# Problem to work on
From the first line of the listing below through the line with "Classy engagement ring", transcribe exactly and skip the pictures.

# Data block
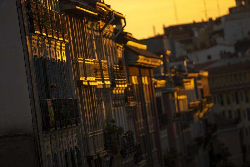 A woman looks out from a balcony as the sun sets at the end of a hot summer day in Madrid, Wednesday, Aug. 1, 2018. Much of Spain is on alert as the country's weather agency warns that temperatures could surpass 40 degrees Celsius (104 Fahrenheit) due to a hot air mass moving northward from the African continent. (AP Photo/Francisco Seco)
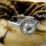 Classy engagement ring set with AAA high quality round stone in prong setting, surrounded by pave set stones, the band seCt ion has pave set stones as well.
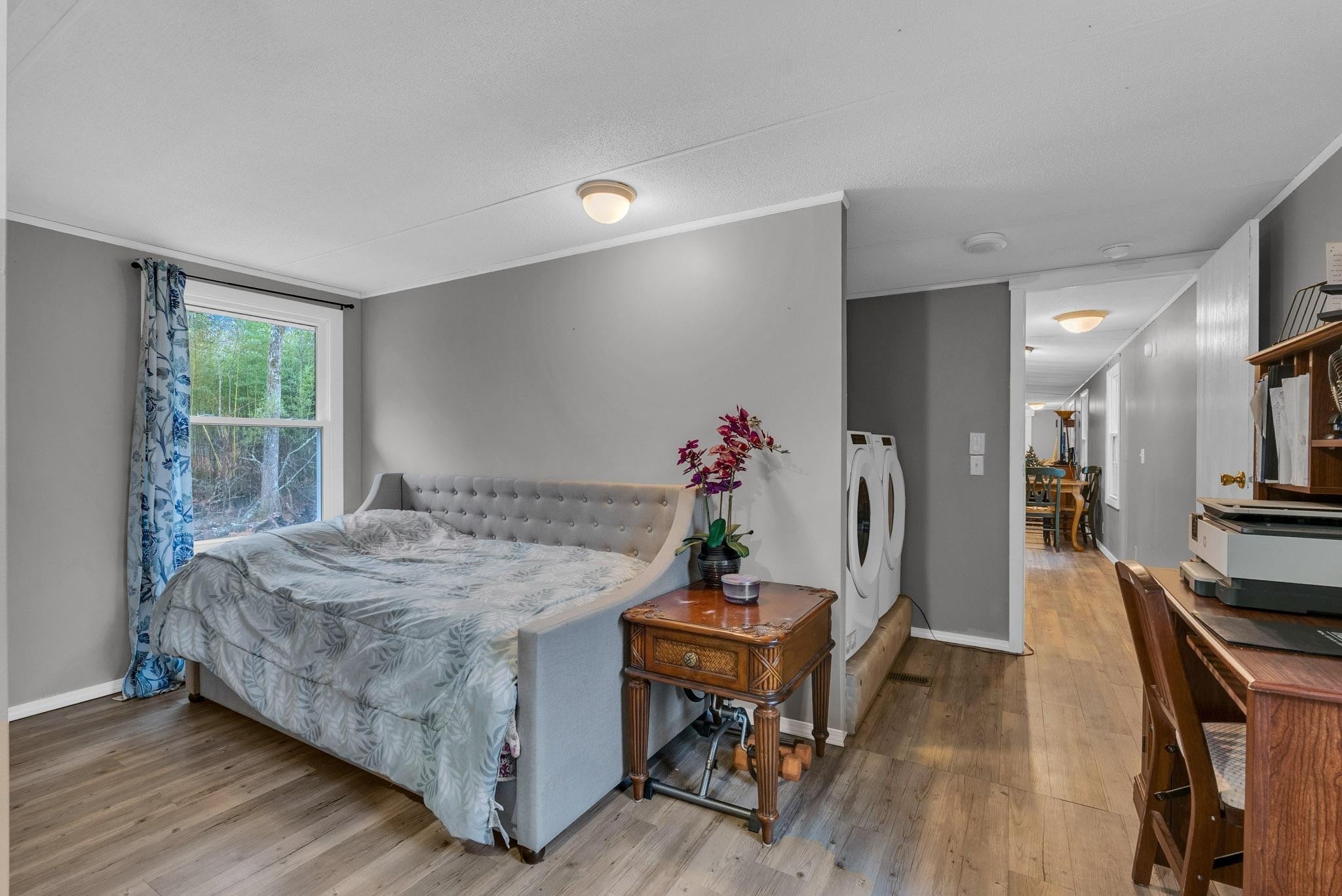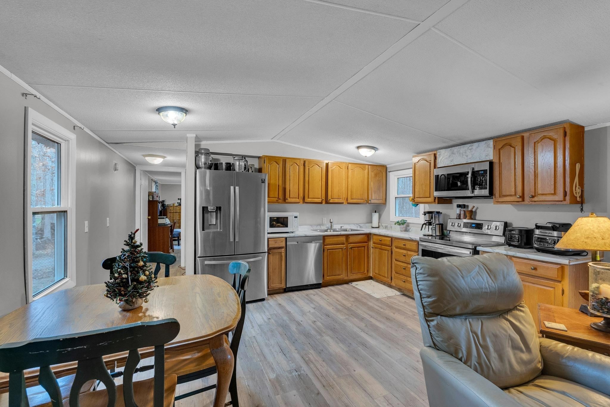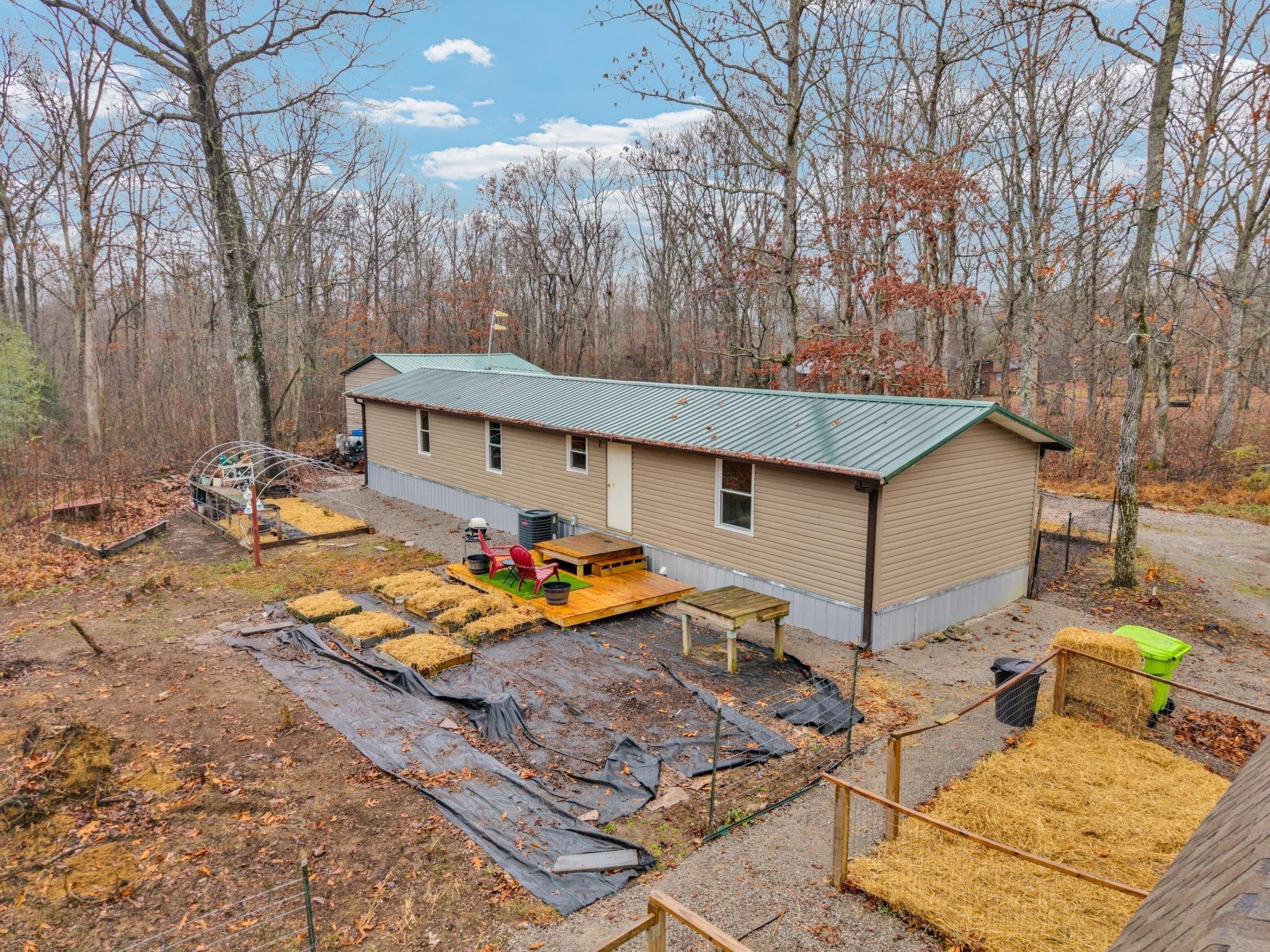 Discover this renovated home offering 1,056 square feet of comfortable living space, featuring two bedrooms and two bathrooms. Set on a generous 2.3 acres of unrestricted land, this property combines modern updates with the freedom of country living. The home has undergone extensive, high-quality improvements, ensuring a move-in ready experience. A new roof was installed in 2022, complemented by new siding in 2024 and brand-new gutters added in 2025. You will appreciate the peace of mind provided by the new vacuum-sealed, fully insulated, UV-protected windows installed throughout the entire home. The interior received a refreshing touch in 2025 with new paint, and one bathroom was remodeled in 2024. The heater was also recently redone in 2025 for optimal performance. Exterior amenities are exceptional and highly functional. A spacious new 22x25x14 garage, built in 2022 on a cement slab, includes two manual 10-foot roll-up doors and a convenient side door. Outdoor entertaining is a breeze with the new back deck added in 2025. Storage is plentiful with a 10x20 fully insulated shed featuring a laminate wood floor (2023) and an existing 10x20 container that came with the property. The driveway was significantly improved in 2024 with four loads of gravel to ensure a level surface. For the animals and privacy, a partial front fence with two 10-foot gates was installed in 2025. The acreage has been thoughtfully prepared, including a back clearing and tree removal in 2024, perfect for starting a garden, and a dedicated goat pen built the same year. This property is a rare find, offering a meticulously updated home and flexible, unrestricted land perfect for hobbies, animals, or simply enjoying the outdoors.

# Answer to this problem
 A woman looks out from a balcony as the sun sets at the end of a hot summer day in Madrid, Wednesday, Aug. 1, 2018. Much of Spain is on alert as the country's weather agency warns that temperatures could surpass 40 degrees Celsius (104 Fahrenheit) due to a hot air mass moving northward from the African continent. (AP Photo/Francisco Seco)
 Classy engagement ring set with AAA high quality round stone in prong setting, surrounded by pave set stones, the band seCt ion has pave set stones as well.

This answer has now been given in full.